Additionally, when lasers are operated indoors, they release excess energy that can negatively affect the melt pool and part quality. By calculating the fog zone for each laser, the algorithm can optimize a complex sequence, such as deciding which vector blocks to scan first, following priorities to avoid crosswind and fog zone processing. This helps maintain the quality of the laser beams by preventing interference between them, ensuring an even distribution of energy.
Loose powder on the powder coat can degrade the quality of your prints if handled improperly. To avoid spatter, gas blocking, and overheating, load balancers can simulate airflow, ensuring that the laser never scans the airflow of another laser beam.
3 Combine performance and quality for high quality printing
"The appeal of the load balancer is that it ensures that each laser remains in excellent working order without being adversely affected, thereby increasing processing speed while maintaining build quality," Michel said.
Multiple lasers too close together can emit too much energy, reducing the overall quality of the print, as it can lead to porosity and keyhole defects in the part. With a load balancer, precise and even energy distribution is required to improve laser beam control and achieve high-quality results.

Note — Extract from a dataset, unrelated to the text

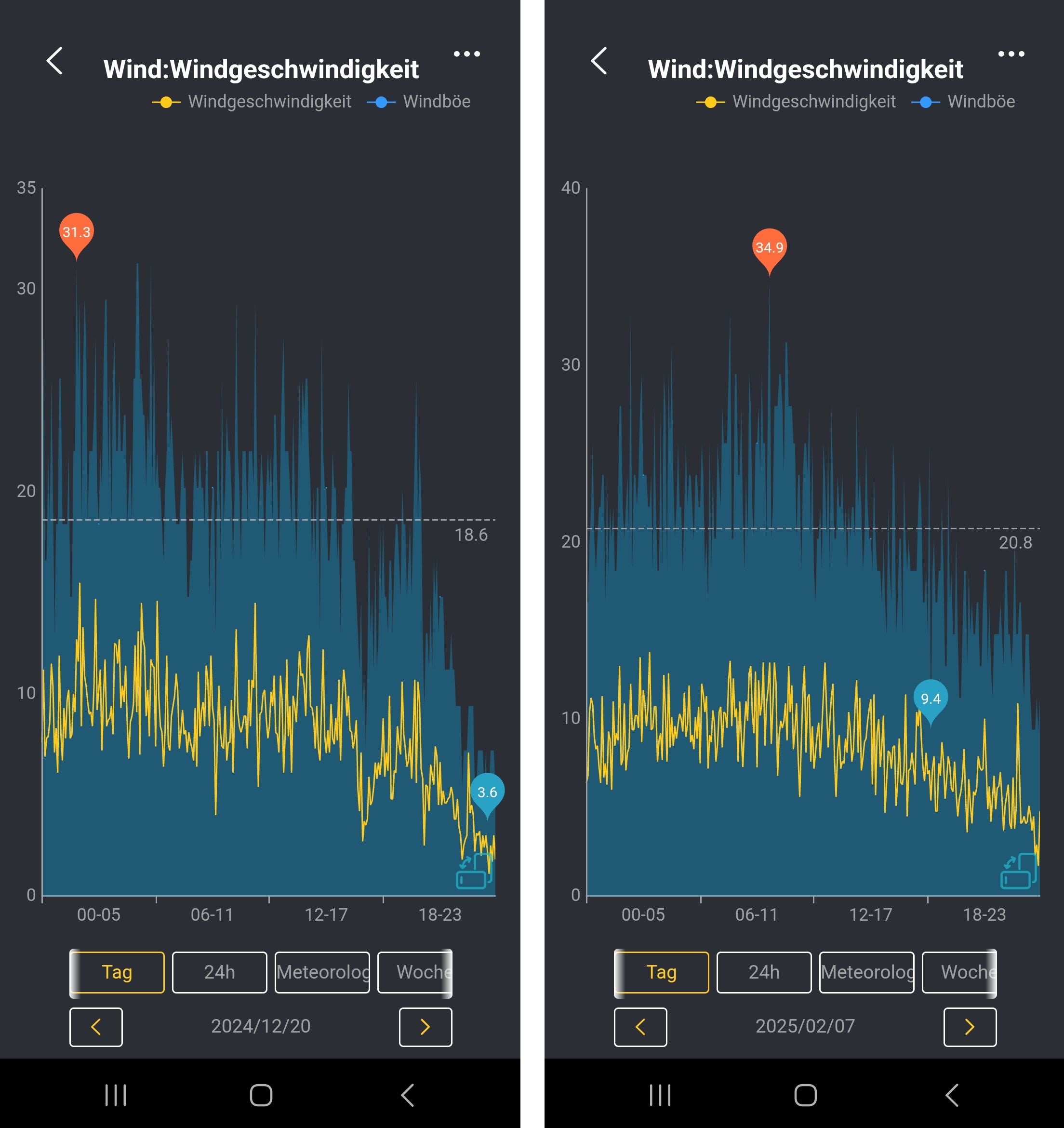 Ich habe mal versucht grafisch abzubilden, was der steilere Anstellwinkel bewirkt hat. Anbei zwei Bilder. Ich habe zwei Tage raus gesucht, mit annähernd gleichem Wind laut meiner Wetterstation knapp unterm Windrad. Ich sehe da mehr als eine Ertragsverdoppelung! Leider habe ich bei mir in der Stadt ja nicht so oft Wind. Meistens geht überhaupt erst was, wenn bei Wetteronline schwarze Fahne steht. Der Sattelitenfilm für Wind musste bisher schon gut gelb sein um nur wenige hunderte Wattstunden zu ernten. Bis vorgestern! Der Windradar war noch grün, mäßiger Wind bis 20kmh stand darin für meinen Standort. Das Ergebnis ist für mich beeindruckend, seht selbst. Achtung im Leistungsdiagramm die Achse hat einen anderen Maßstab alt 24W max und neu 60W!

Additionally, load balancers can implement vector fragmentation, which is the next level of granularity, based on user input. Usually a layer contains at least one vector block. However, the algorithm can break large blocks of vectors into smaller blocks, thereby increasing the detail of the layers and allowing a more even distribution of the load among all lasers. The advantage of this technique is that the overall distribution can be further adjusted to improve the efficiency of the 3D printer.
One of the reasons for not optimizing the production time is that the laser can make too many jumps while printing the part. Limit the range of each laser by wavelength to reduce the number of jumps. This helps to improve overall production efficiency and reduce close interaction between lasers working on the same part.

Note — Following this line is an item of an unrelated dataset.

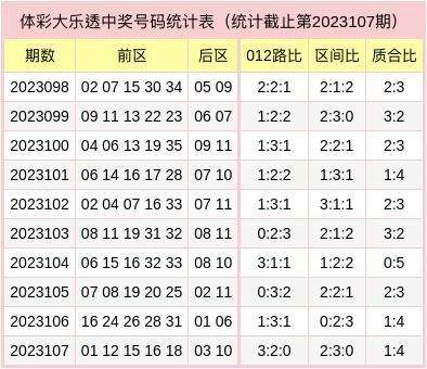 前区012路分析:上期前区012路比为3:2:0。在最近10期中,0路号码开出13次,1路开出23次,2路开出14次,其中1路号码出号率最高。本期关注0路、1路下号,推荐012路比为2:2:1。

Finally, a hybrid mode option in the load balancer allows the user to choose whether to scan a section with a single laser or algorithmically optimize to distribute vectors between different lasers. This can further optimize load distribution.
"Options can be set with just a few clicks. If you have any needs, you can also adjust and adjust the details of each option as needed," said Brecht.

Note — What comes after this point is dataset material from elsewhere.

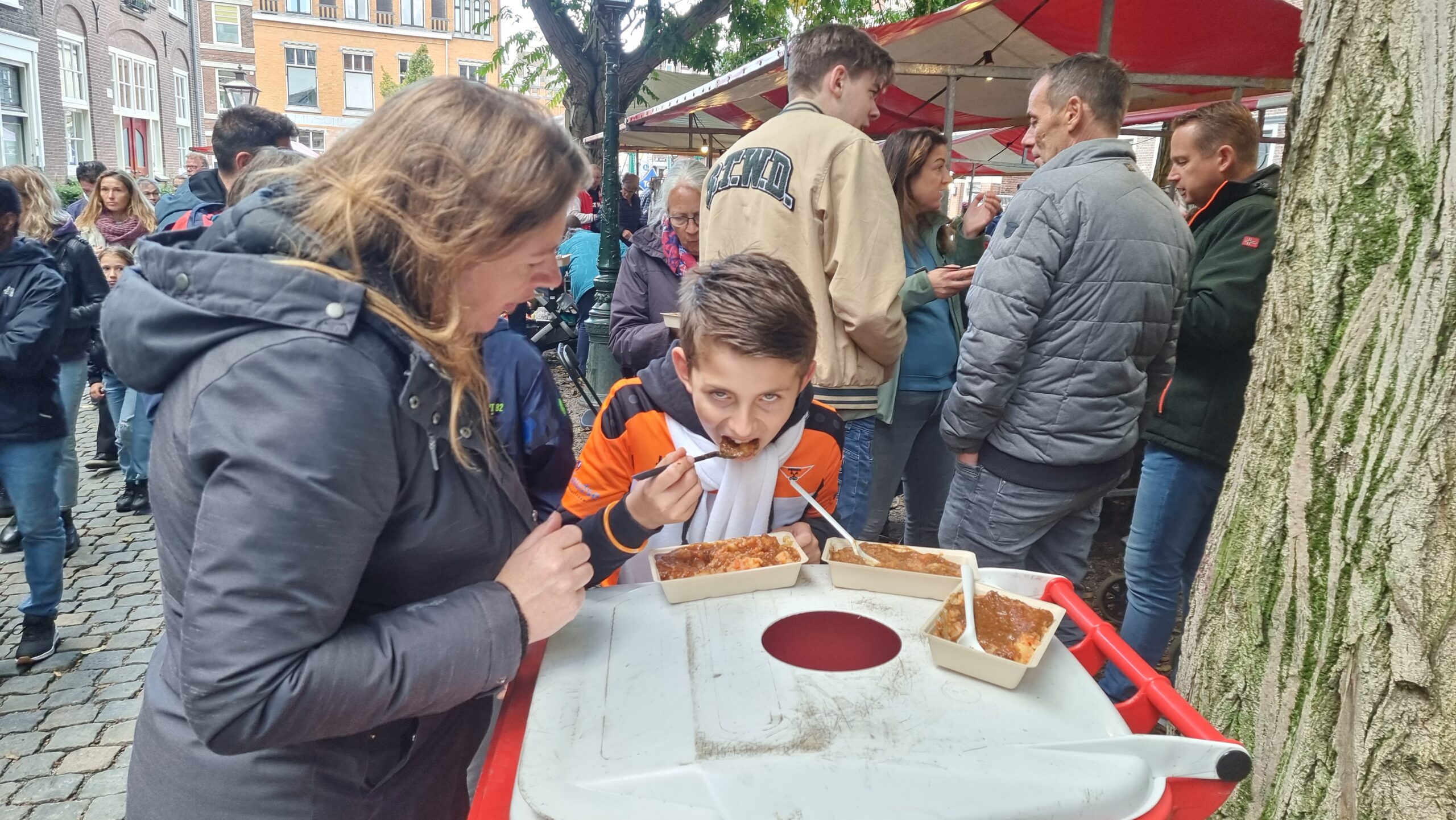 3 October Vereeniging Rik Kamps proeft zowel de vegatarische als de tradionele hutspot.

An optimized multi-laser 3D printer designed for LPBF production
Optimizing a multi-laser 3D printer can be a great way to increase metal 3D printing performance while reducing costs and lead time if the scan path strategy is designed correctly. However, users and even manufacturers are not taking full advantage of these devices because they haven't invested in the right software.
Load equalizer — this a solution to the problem of a multi-laser printer. Use this module as part of the BP SDK or your own slicer to reduce development costs and speed time to market, opening up new avenues for innovation, and the load balancer can be machine controlled on our server-side CO-AM software platform.
“Whether you're a technology engineer looking to customize settings for a specific application, or a less tech-savvy user who prefers a simplified approach to integration, the fast and easy experience with Load Balancer is great. This automated manufacturing tool is a game-changer: it harnesses the full power of your production resources and turns your operations into tangible results,” says Johan.